Allégorie

Audrey avait quitté l’entreprise il y a quelques années, lasse de la pression qu’elle y subissait. En plus du travail de bureau habituel, le patron avait pris l’habitude d’imposer à ses employées de mettre la main à la pâte dans le service clé de la boite : la production. Audrey avait courbé l’échine, un temps, mais bien moins que ses collègues, puis elle avait fini par partir en les regardant accepter, malgré elles, de travailler toujours plus longtemps pour le même salaire. Son esprit curieux et indépendant avait sauvé Audrey et, maintenant, elle n’avait plus les regrets qu’elle avait éprouvés alors, de ne pas avoir su aider les autres. Elle avait essayé, mais si ses collègues avaient reconnu être exploitées, elles avaient refusé d’en tirer les conclusions qui s’imposaient, puis avaient commencé à lui reprocher de ne pas les aider à produire encore plus. C’est à ce moment-là qu’Audrey avait compris qu’il fallait qu’elle sorte de là, et vite.

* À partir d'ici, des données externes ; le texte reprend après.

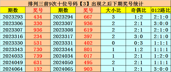 在十位前9次出现号码3后,其下期奖号分别开出:6-3-1-9-0-0-1-9-0,其中奖号个数奇偶比是5:4,大小比是3:6,012路比是7:2:0。
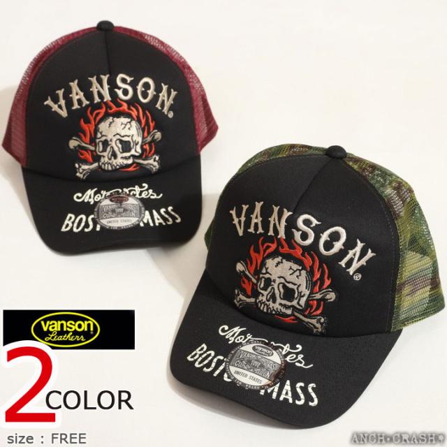 VANSON スカルボーン ツイルメッシュキャップ (NVCP-2511) 【送料無料】バンソン 刺繍 ステッカー
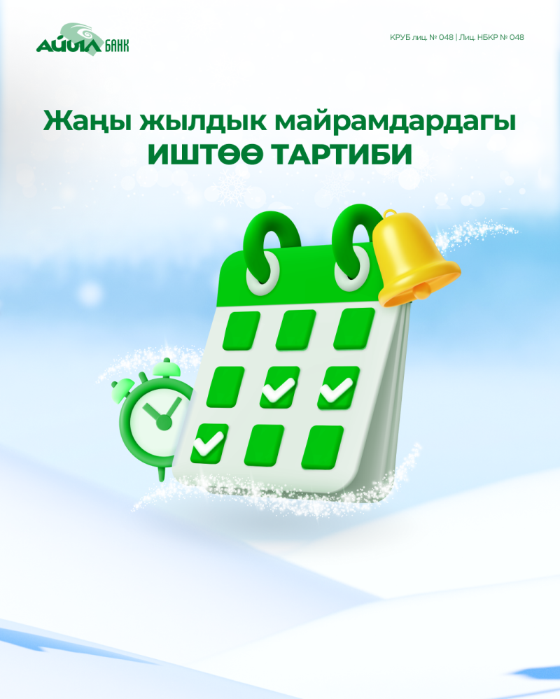 Келе жаткан жаңы жылдык майрамдарга байланыштуу Банктын кеңселеринин иштөө тартиби тууралуу маалымдайбыз:
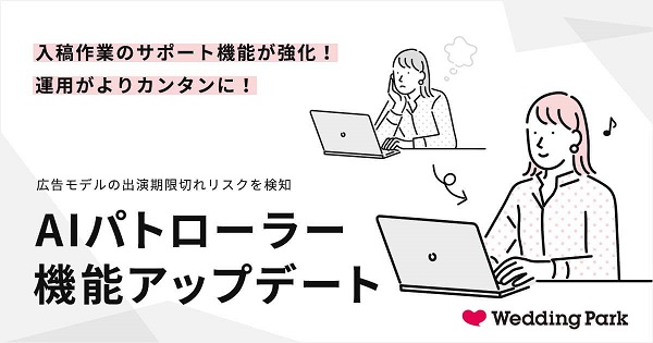 ウエディングパーク(東京都港区)は9月29日、広告モデルの出演期限をアラートすることで契約期限切れリスクを検出するAIパトローラーに関して、入稿作業をサポートする新機能をリリースした。

Elle ne savait pas pourquoi ni comment elle était revenue à cet endroit. Devant la porte de derrière, celle par laquelle elle et ses collègues avaient l’habitude d’entrer, elle n’eut pas vraiment le temps de se poser la question. Il faisait sombre, la nuit était tombée depuis bien longtemps, pourtant Aurore, Sandra et Maud, ses trois anciennes collègues d’infortune étaient encore là, dans l’embrasure de la petite porte, fumant leur cigarette à la hâte. Elles regardèrent dans sa direction avec un dédain teinté d’agressivité, puis écrasèrent leur mégot rageusement dans le cendrier avant de rentrer précipitamment. Encouragée par une irrésistible curiosité, Audrey les suivit à distance dans l’entrepôt de stockage où rien n’avait changé. La pendule au-dessus de la porte du fond, qui menait à la zone de production, indiquait l’heure exacte. 23 h 56.

Audrey pouvait entendre le bruit régulier des machines de plus en plus distinctement tandis qu’elle s’approchait lentement de la porte et, quand elle en saisit la poignée, elle la sentit vibrer au même rythme dans le creux de sa main. La porte s’ouvrit sur la salle familière remplie des bécanes hors d’âge et le bruit devint assourdissant ; chaque martèlement venait affecter les pulsations du propre cœur d’Audrey, lui dictant impérieusement de se caler sur ce rythme régulier. Chacune penchée sur plusieurs machines à la fois, les filles ne lui prêtèrent aucune attention, tout entières tournées vers leur objectif irréalisable : produire au plus vite, malgré le manque de personnel et d’engins modernes. Audrey, pour bien les connaître, savait qu’elles ne risqueraient jamais de venir lui dire de partir, par peur de freiner la production et de mécontenter Nicolas, le patron de la petite entreprise qu’il avait hérité de son père, avec lequel elles avaient tissé les mêmes liens que ceux qui unissent un enfant en manque d’affection et son papa narcissique.

Elle resta là un moment, contemplant le sort auquel elle avait échappé, et commença à s’habituer au bruit des machines ; suffisamment pour que son oreille repère un autre son, ténu et différent, quoique rythmique lui aussi. Audrey laissa cette musique la guider et traversa la grande salle en enjambant les rebuts de production qui jonchaient le sol. Elle ouvrit la porte qui donnait sur un couloir sombre et la referma rapidement par peur de se faire repérer, bien que certaine que personne — pas même la femme de ménage — n’eut pu se trouver dans les locaux à cette heure tardive. Le bruit qui l’avait intriguée se fit plus distinct. Toujours guidée par lui, elle ouvrit une autre porte sans oser la franchir cette fois, surprise d’apercevoir, au bout de ce deuxième couloir plongé dans la pénombre, émanant du bureau de Nicolas, une vive lueur de lumière colorée qui dansait contre les murs.

Audrey mit quelques secondes à réaliser ce qui se jouait sous ses yeux, tant pareil spectacle lui paraissait rocambolesque. De là où elle était, elle pouvait voir, exposé par l’embrasure de la porte, le bas du torse et les jambes de son ancien patron entièrement nu, avachi dans un divan et caressant son sexe dressé, devant ce qui, vu la bande-son, était probablement un film pornographique. Elle referma la porte du couloir et rebroussa chemin, confortée — s’il en était besoin — dans sa décision d’avoir quitté une pareille entreprise.